# D&D pick up lines



## Eternalknight (Jul 13, 2002)

Over on the official forums is a thread of pick up lines; just thought I'd get a thread statred here to see what we can come up with!

1)  I'm a wizard with access to the Enlarge spell.

2) (Paladin to hot looking injured girl) Would you like me to lay my hands on you?

3) Did it hurt when you fell from Celestia?
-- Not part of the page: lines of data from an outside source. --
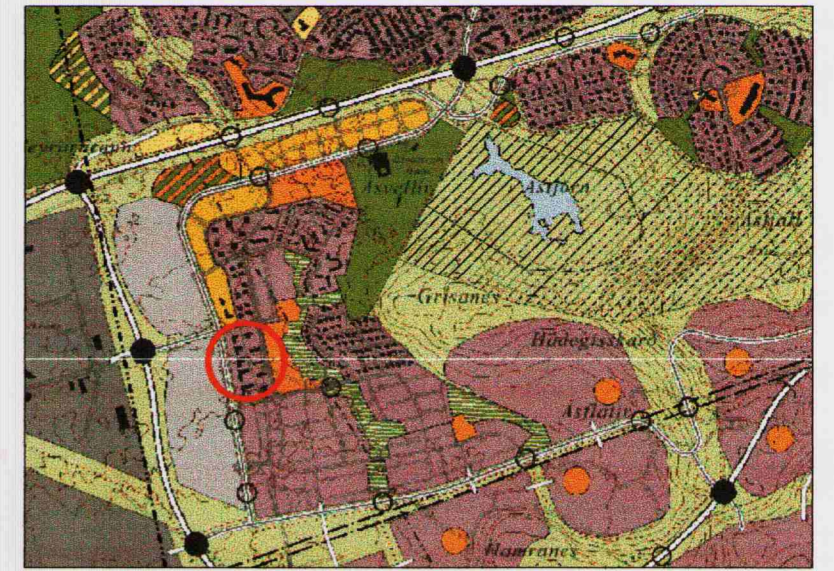
Aðalskipulag Hafnarfjarðar 2005-2025

Fjöldi bílastæða innan hvers lóðar skal uppfylla gr. 64 í byggingarreglugerð nr. 441/1998. Að öðru leiti gilda skipulagsskilmálar fyrir deiliskipulag Valla 5. áfanga dags. 9.1 2007 útgáfa 0.3.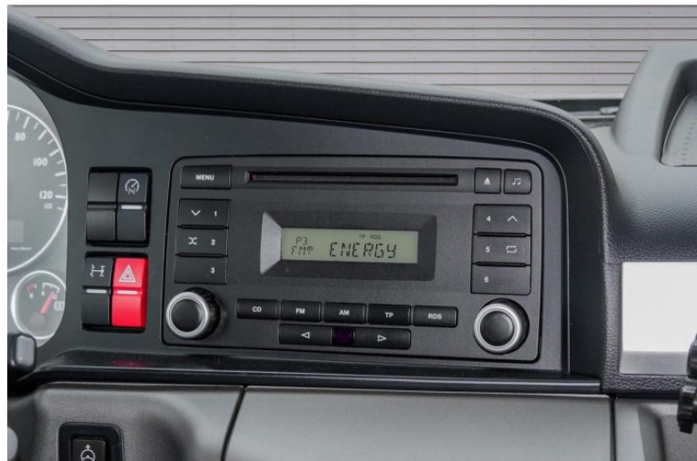
MAN | TopUsed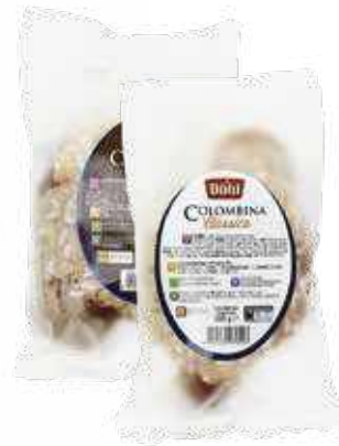
MINI KOLOMBA DONI 100gr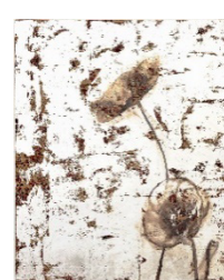
《[Silver] Poppy-04》 2022年 60.6×50.0×2.0cm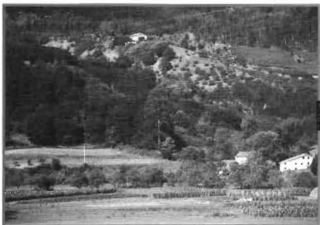
Zona de Lasao (1998).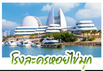
ริงละครเรือยี่ไข่มุก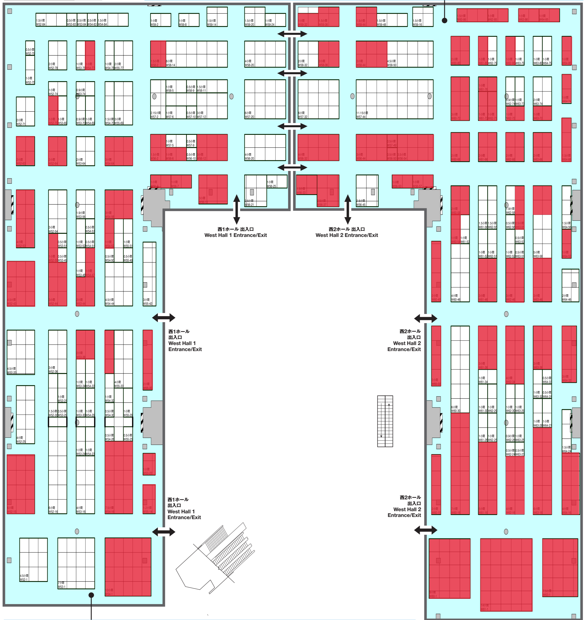
FACTORY INNOVATION WEEK 2024 第8回 ロボデックス ロボット 開発・活用展 8th RoboDEX Robot Development & Application EXPO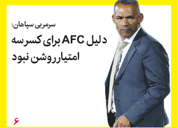
سرمدی سپاهان: دلیل AFC برای کسر سه امتیاز روشن نبود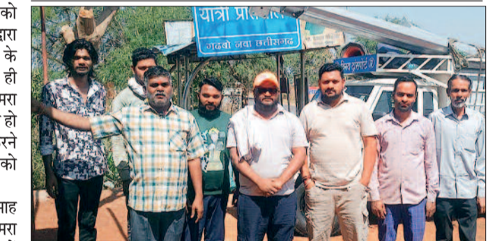
पचास हजार से अधिक का चालान

प्राप्त जानकारी अनुसार नर्मदा में लगे कैमरा से वाहन चालकों को मोटी एवं भारी भरकम चालान कटने की जानकारी है। परिवहन विभाग के मापदण्ड के अनुसार जिन वाहनों में कमी पाया गया उन वाहनों पर 23 सौ से 50 हजार से अधिक तक का चालान काटे जाने की खबर है। वाहन चालकों ने बताया कि एक ही सप्ताह में दो से तीन बार चालान काटा गया है। चालकों ने बताया कि चालान कटने के सप्ताह भर बाद इसकी जानकारी भेजी जाती है। जिससे बकाय के, तीन गुना हो जाता है।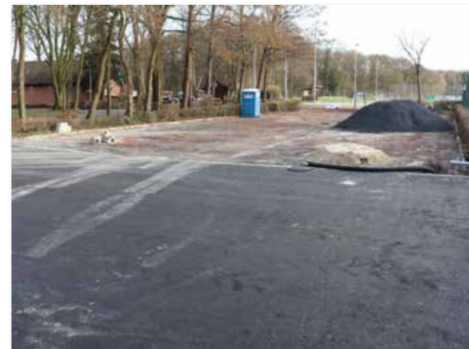
Der Parkplatz am Wiebusch wurde jüngst saniert.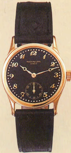
パテック フィリップRef.96

18Kイエローゴールド・ケース。 ブラック文字盤にゴールドの アップルボム・ハンドを採用したカラトラバ。 1935年製造。エスティメートは約120~160万円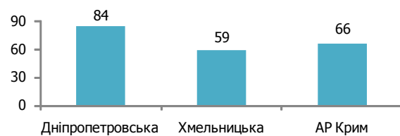
Рис. 1. Частки землевласників, яких інформували про їхні права, %

У підсумку, дві третини землевласників були поінформовані про їхні права щодо земельної ділянки. Джерелом такої інформації були як переважно орендарі, та в меншій мірі представники місцевої влади. Практично не зафіксовано випадків інформування землевласників представниками інших організацій.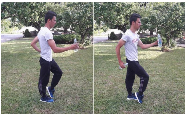
Slika 16. Srednji skip u mjestu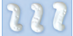
S字状発泡ポリスチレン

形状はS字状であり比較的均一でこれらが互いに絡み合い約50%の空隙を形成します。大きな空隙を作りうることから、優れた透水性を得ることができます。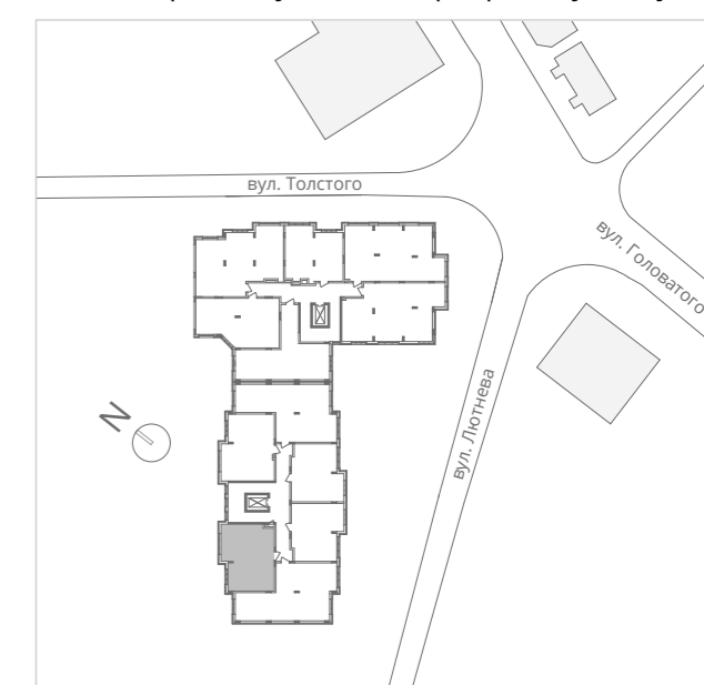
■ Схема розташування квартири в будинку.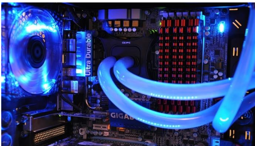
Slika 5. Vodeno hlađenje [12]

Takav način hlađenja većinom se koristi u računalima za igranje ili “gaming” računalima, dok se u “standardnim” osobnim računalima većinom koristi pasivno hlađenje. Pasivno hlađenje je hlađenje računala pomoću pasivnih hladnjaka koji koriste konvekciju zraka (najčešće kod grafičkih kartica). Sastoji samo od radijatora. Kod pasivnog hlađenja prirodna konvekcija omogućuje cirkulaciju zraka kroz rupe na poklopcu računala te se toplina iz procesora prirodno odvodi konvekcijom unutar systemske jedinice.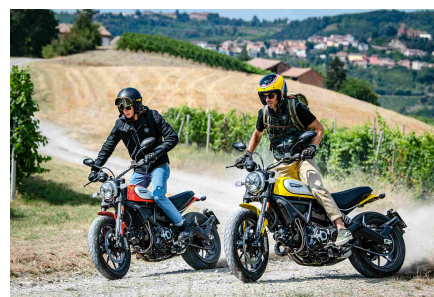
Ducati Service Warm Up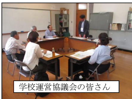
学校運営協議会の皆さん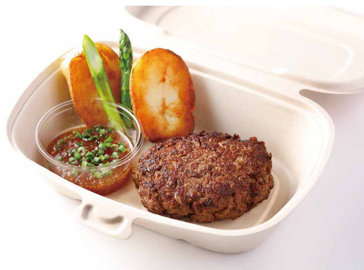
グランドビーフステーキ Grand Beef Steak ￥4,000

4) You'll be screaming out all the god's names by the time I'm finished.

Your turn


----------



## Furn_Darkside (Jul 13, 2002)

5) Did I mention I have the feat Skill Focus (perform)?


----------



## rounser (Jul 13, 2002)

6) Is your name Vecna? "Why?" Because if I have your eye, I want your hand in marriage...


----------



## Furn_Darkside (Jul 13, 2002)

7) Honey, you look like you like the bad boys. Well, I am Chaotic Evil to the core!


----------



## I'm A Banana (Jul 13, 2002)

For Barbarians:
"If you want it to last longer, I can rage..."

For Bards:
"I was in a boy  band..."

For Clerics:
"Behold the glory of my god!"

For Druids:
"Can I sniff your butt?"

For Fighters:
"I shall smite your heart with my greatsword!"

For Monks:
"I have improved unarmed stroke!"

For Paladins:
"I shall redeem you...tonight...at my place..."

For Rangers:
"I'll give YOU the shaft!"

For Rogues:
"I think I caught her flat-footed..."

For Sorcerers:
"Hey, baby, I'm *all* Charisma!"

For Wizards:
"My staff has a knob on the top."

For Dwarves:
"My beard is the best in thirty clans!"

For Elves:
"My mascara is the prettiest in thirty forests!"

For Gnomes:
"I'm not *just* a tinkerer..."

For Halflings:
"I believe I have something of yours: your heart."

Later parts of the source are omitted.